While our findings will be useful in different forecasting contexts, the study has been limited to data specificity, particularly specific to the Sobat River and may not be directly applicable to other rivers whose hydrological characteristics are different, without proper validation. Moreover, this study focused primarily on historical univariate streamflow observations without integrating other potential influencing factors such as precipitation, temperature, or land use data, which could provide additional insights and a more comprehensive understanding of the factors influencing streamflow. The application of our hybrid model to various hydrological datasets and different climatic regions would help validate its generalizability and effectiveness under diverse environmental conditions. The implementation of a hybrid model framework for real-time forecasting could also significantly benefit water resource management and planning, providing timely and accurate predictions for decision-making processes.

We recommend that future research explore the application of hybrid models incorporating both traditional and machine learning approaches to multivariate time-series forecasting by incorporating additional environmental variables such as precipitation, temperature, and land use changes to increase model accuracy and reliability.

5 Conclusion

The present study investigated streamflow forecasting in the Sobat River through a combination of the SARIMA and Prophet models, and developed a hybrid SARIMA-Prophet model. By leveraging the complementary strengths of the individual SARIMA and Prophet models, the study aimed to improve predictive accuracy and robustness of the models by integrating them into a hybrid SARIMA-Prophet model. With a comprehensive residual analysis and evaluation with key performance metrics, our study demonstrated two key findings.

  1. 1.

    While Prophet slightly edged over SARIMA in terms of accuracy and reducing large errors, both models effectively captured overall trends and seasonal patterns in the streamflow data. However, both models displayed limitations in handling extreme values and short-term fluctuations.

  2. 2.

    By integrating the SARIMA and Prophet models, the hybrid approach minimized residual variability and reduced extreme errors. The distribution of the residuals from the hybrid model was closer to a normal distribution, showing no significant autocorrelation, thereby suggesting that the hybrid model managed long-term patterns and short-term fluctuations more effectively.
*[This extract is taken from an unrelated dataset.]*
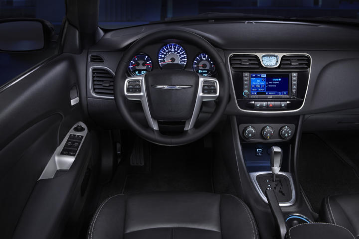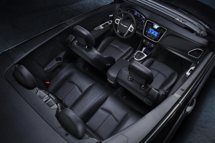 The 200 Convertible’s standard safety features include: advanced multi-stage front passenger air bags, front-seat-mounted side air bags, electronic stability control (ESC) with brake assist and traction control, four-wheel anti-lock brakes (ABS), Brake Override, active front-seat head restraints, Lower Anchors and Tethers for Children (LATCH) child seat anchor system, remote keyless illuminated entry, SentryKey engine immobilizer and security alarm.
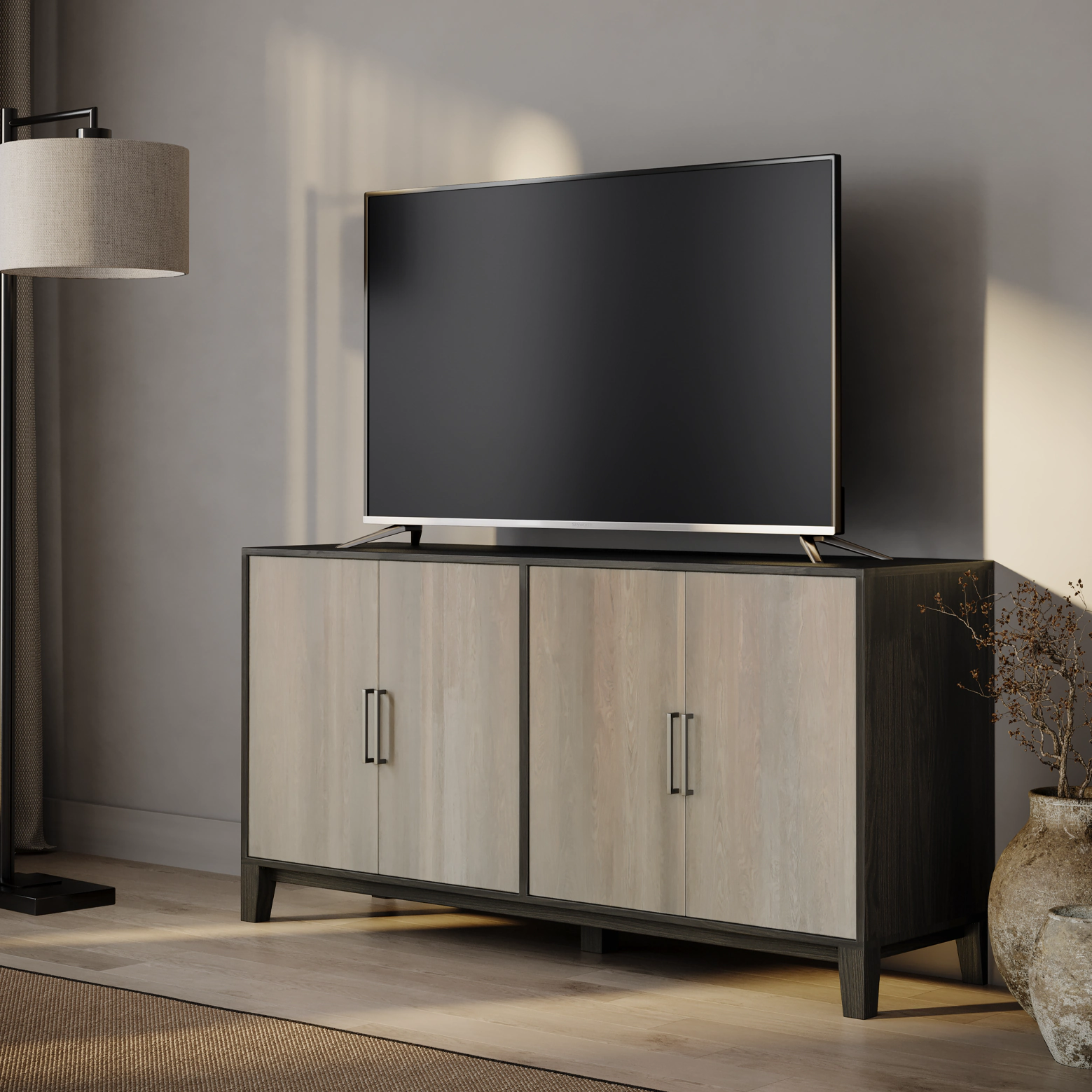 Saybrook Large Home Entertainment Console, HME3150AL, White Oak Wood, 406 Powder Stain Doors, 317 Gravel Stain Frame, Standard Hardware 625-160SN & Omitted Decorative Corner Hardware

By combining the linear and seasonal pattern-capturing abilities of SARIMA with the flexibility and robustness of Prophet in handling nonlinear trends and complex seasonality, the hybrid SARIMA-Prophet approach contributes to the literature where hybrid models are increasingly being designed to enhance prediction accuracy and reliability, particularly for streamflow forecasting. Due to their ease of use and less computational demands and robustness, we recommend the adoption of hybrid models that combine traditional time-series models with more flexible machine learning approaches such as Prophet and other complex models, to enhance predictive accuracy and robustness.